Some ECB Governors Said to Have Pushed for 12-Month QE ExtensionBy
Southern European officials saw need for more stimulus
Bundesbank’s Weidmann said to warn against overcommitting
European Central Bank policy makers from the euro area’s south argued in favor of a longer extension of asset purchases, according to people familiar with the debate.
The Governing Council members proposed continuing quantitative easing for another 12 months after March, three months more than the longest option presented by ECB Chief Economist Peter Praet at the meeting, according to the people, who asked not to be identified because the deliberations are private. An ECB spokesman declined to comment.
The Frankfurt-based central bank decided to extend the asset plan by nine months until December 2017, though it reduced the pace of monthly purchases to 60 billion euros ($64 billion). Another scenario considered was a six-month extension at the current 80 billion-euro pace -- a path predicted by most economists surveyed by Bloomberg ahead of the announcement.

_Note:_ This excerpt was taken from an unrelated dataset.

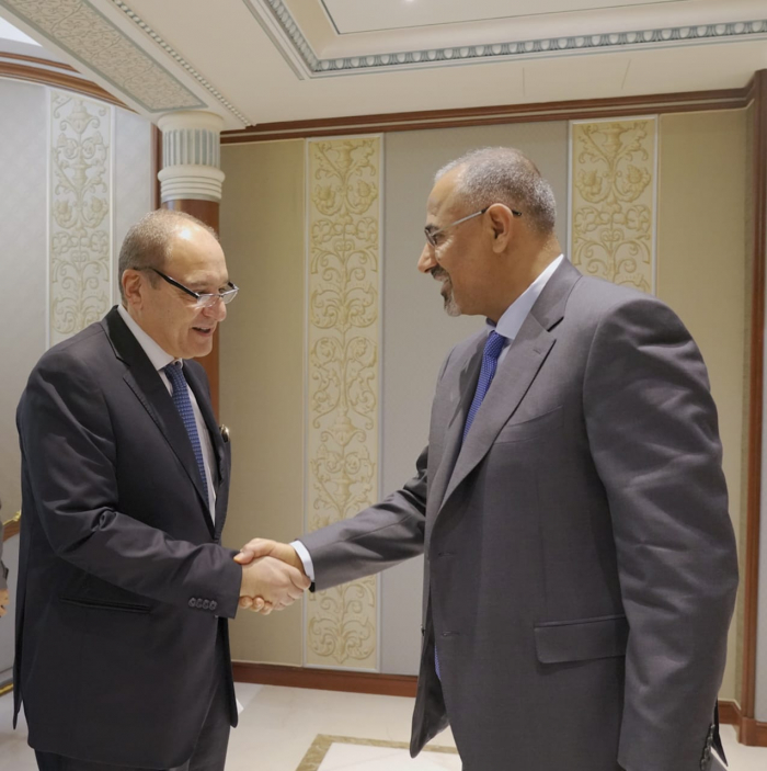 وبحث الاجتماع الدعم المصري لمجلس القيادة الرئاسي، وحكومة المناصفة، التعاون بمجالات التدريب الأمني والتأهيل المدني لتمكين حكومة المناصفة من تطوير أدائها.
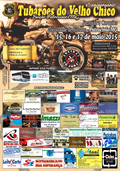 Os amantes da vida em duas rodas devem agendar: O moto clube TUBARÕES DO VELHO CHICO-FACCÃO PATROCÍNIO-MG, comemora o 3º aniversário com uma programação bem típica para os camaradas do bem. O evento acontecerá nos dias 15,15 e 17 de maio de 2015, na "Fazenda 4 Corações" (Propriedade da vereadora Drª Neusa Mendes) na localidade de Silvano. Ingressos: Motociclistas; R$15,00; Simpatizantes: R$ 20,00. Área de camping. Jantar na sexta-feira; café da manhã, churrasco e jantar no sábado e café da manhã domingo. Shows com as Bandas Alcatéia, Br 365, Monkira e demais feras do rock.Disque perdidão: (34)8831 000. (34) 9904 0707. Um evento regado a amizade, respeito e muita paixão pela máquina de dua rodas. Afinal: “Para os pássaros Deus deu duas asas, para o homem duas rodas”. "Lugar de homem e mulher é atras de do tanque...de uma moto".

The decision was taken by “very, very broad consensus,” ECB President Mario Draghi said at a press conference in Frankfurt after it was announced. He also presented new forecasts that see euro-area inflation accelerating to 1.7 percent in 2019 from 0.2 percent this year.
During the council discussion, Bundesbank President Jens Weidmann raised concerns over committing to substantial amounts of stimulus for the next 12 months, suggesting that such a pledge may limit the ECB’s scope to react to incoming economic data, according to one of the people.